“I think we need to change the way we think of the word ‘search’,” bit.ly Data Scientist and self-defined “data geek” Hilary Mason told David Vellante and John Furrier on SiliconAngle.TV at the Strata Conference in early February (see here for the full video of the interview). “So we have this idea that search is you go on a Web site, and it’s got a box on it; you type a query in, and you get back a list of results.”
But, she says, this unfiltered listing of results is an outmoded idea of what search needs to be in an era in which people choke on the fire hose of data trying to find some information. “When we think about real-time search, we’re trying to think about helping you discover the information you will want to know as soon as possible.”

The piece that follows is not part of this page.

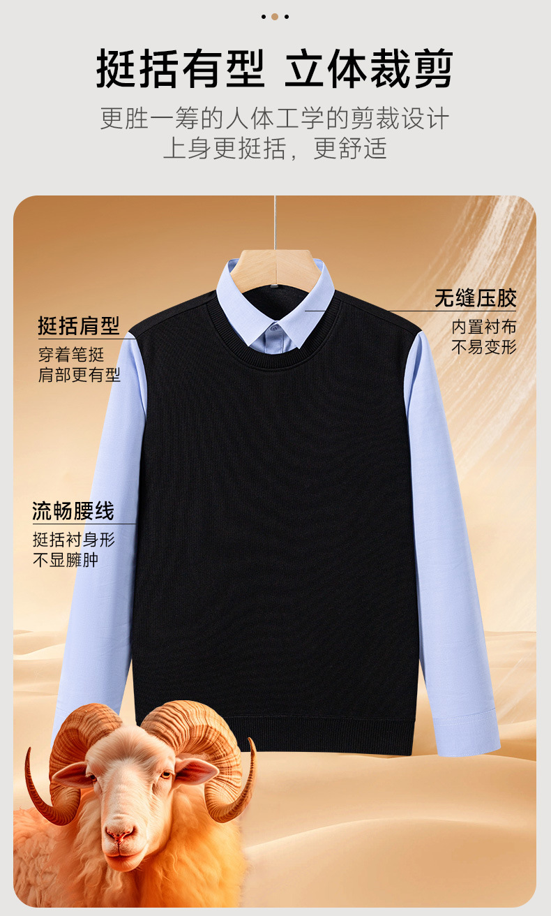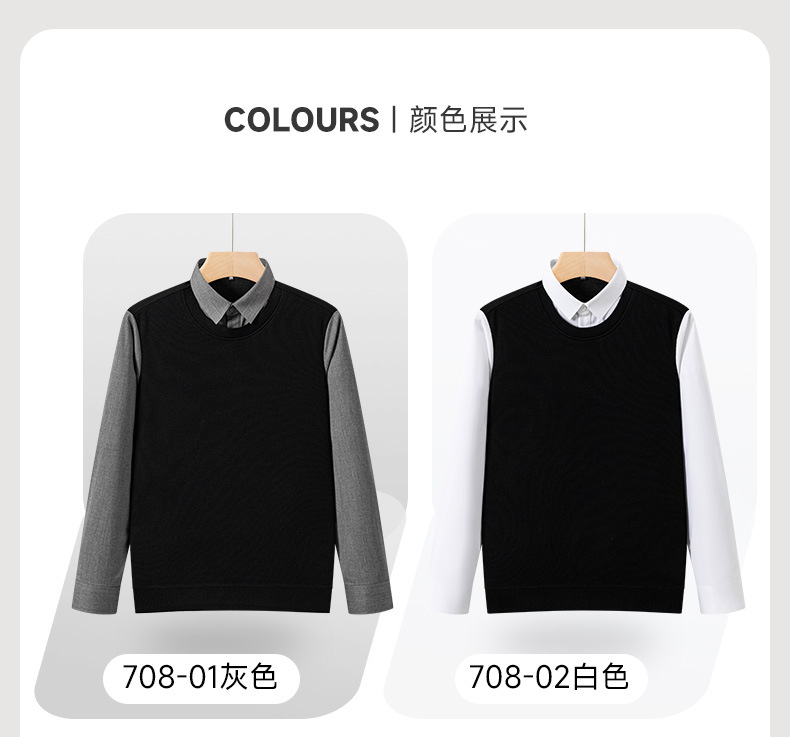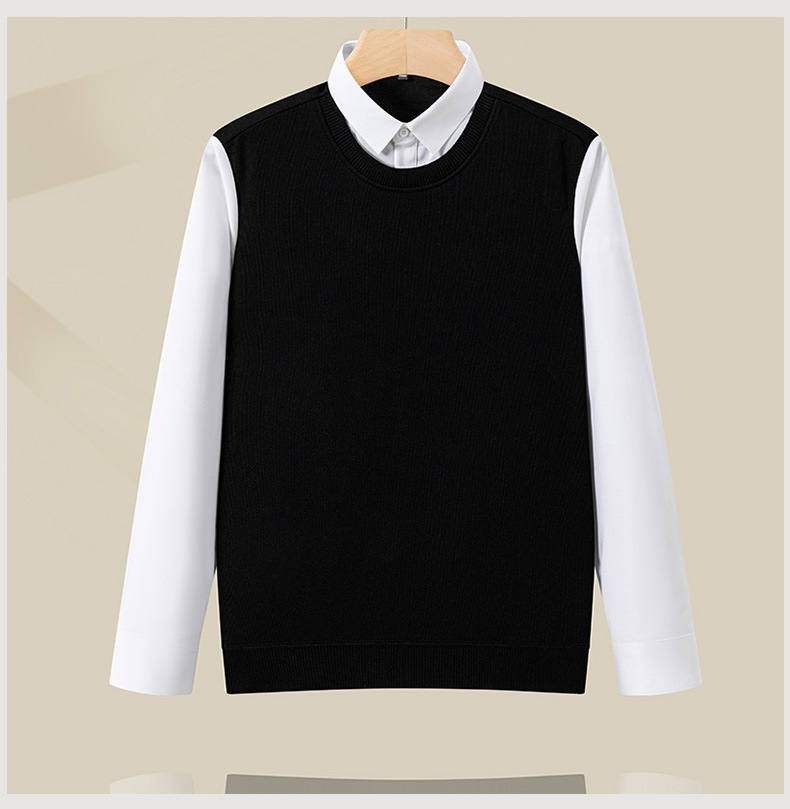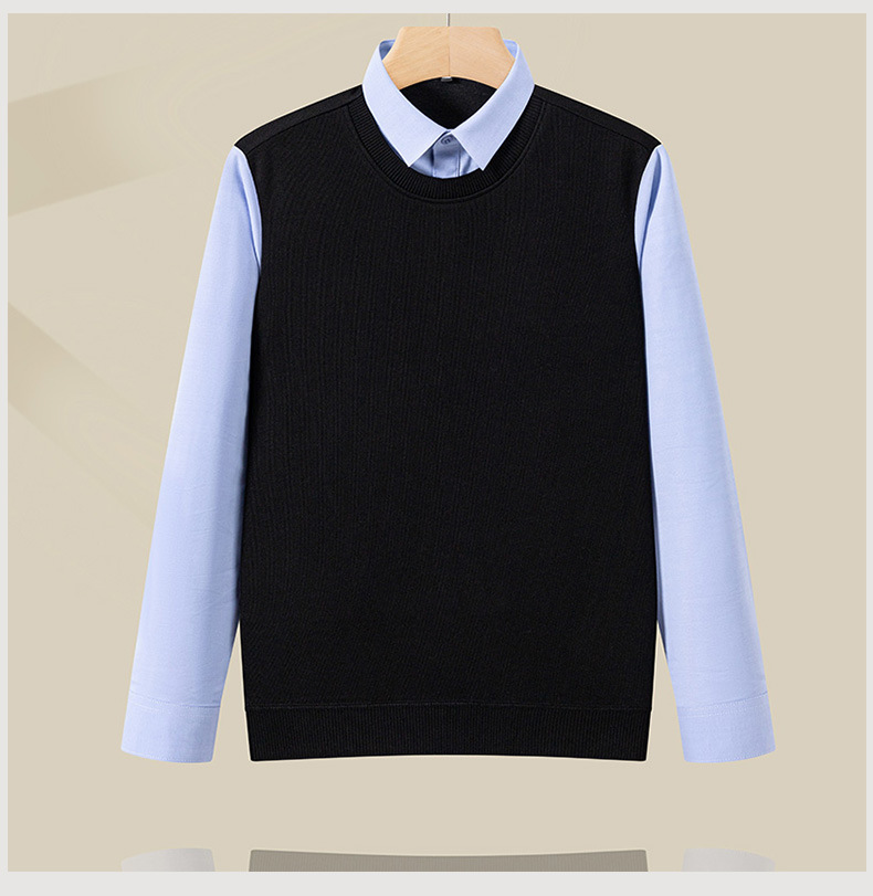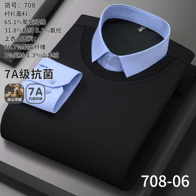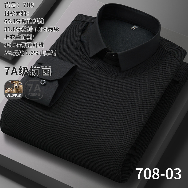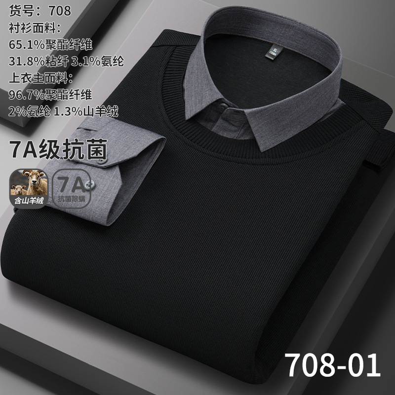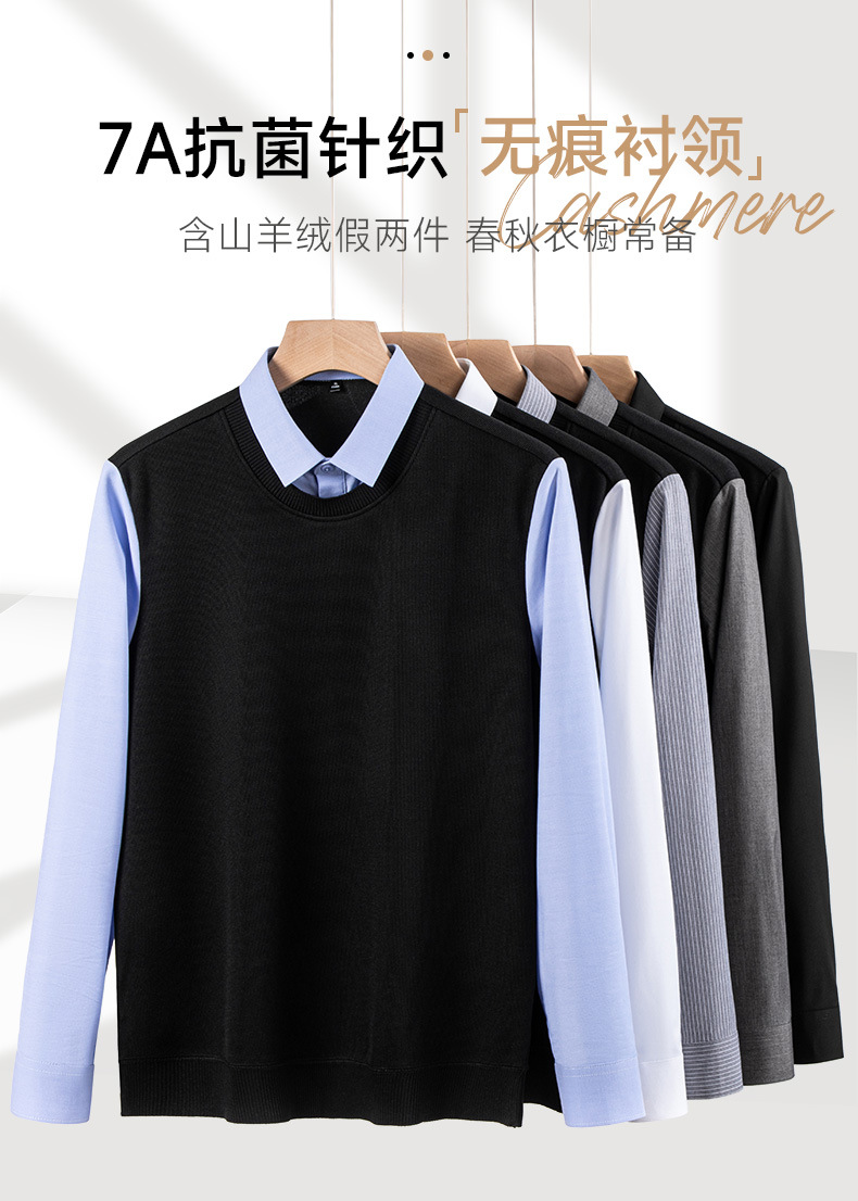 7A新款高端山羊绒针织衫衬衣男士商务免烫假两件打底衫内搭男

What she and her cohorts are working on is developing statistical analysis based on bit.ly’s unique visibility into what information people find valuable enough to share – not just access. For instance,in her keynote presentation at Strata she showed a chart of the huge spike in sharing of information on the anti-Mubarak demonstrations shaking Egypt. Just searching for “Egypt” or “Mubarak”, however, is likely to turn up a lot of background information, plus malware sites masquerading as news sources. What bit.ly is developing is an enhanced search that will eliminate the uninformative sources and the malware and provide links to the sites that are most interesting, based not on what people looked at but what they then shared with their social networks via services like Facebook and Twitter. The first iteration of this, she says, will soon be available as a new iPad app.
Bit.ly has a unique view into just what people do find valuable on the Internet from its position as a leading URL-shortening service that can be used directly at Bit.ly or through popular front-end software such as TweetDeck, which allows users to update their status on multiple social services simultaneously and monitor their social contacts’ status updates in a single location. Bit.ly uses that data to provide various services. For instance, it tracks how often and where users distribute its shortened links. Anyone can see this basic data by adding a “+” to the end of a llink. This will display all the raw statistics on that particular link from the bit.ly database.
Bit.ly analyzes the activity around each new link as it comes in to provide security to its users. One weakness of a shortened link is that it may hide clues that might reveal that the URL accesses a malware or spam site. To prevent that, bit.ly analyzes the traffic associated with each new link to identify probable malware or spam. It also matches links to the malware source lists provided by Google and recognized online security services and blocks access to any sites they identify as dangerous or that its own analysis identifies as having a high probability of being dangerous.
Bit.ly also provides a paid service to companies that want to see how their brands are being received and used on the Internet, based on its statistics on how, how often, and where they are shared by users.
Opportunities in Data Science
This, however, is just the beginning. “I think there are amazing opportunities for start-ups right now,” she says. “We’re doing a very good job of solving problems we solved 20-years-ago and 10-years-ago more quickly and efficiently….but we still need to figure out what the new capabilities area for solving problems we haven’t been able to address at all in the past.”
What does it take to solve these problems? She defines data science as a combination of advanced mathematics, computer science, statistics, and “finally just hacking, and I think that is by far the most important.
“If you’re the kind of person who can say, ‘I have some cool data, and I’m really curious about some questions about that data, and I’m going to figure this out’, and if you can do the math, then you can become a data scientist and play in this exciting new field.”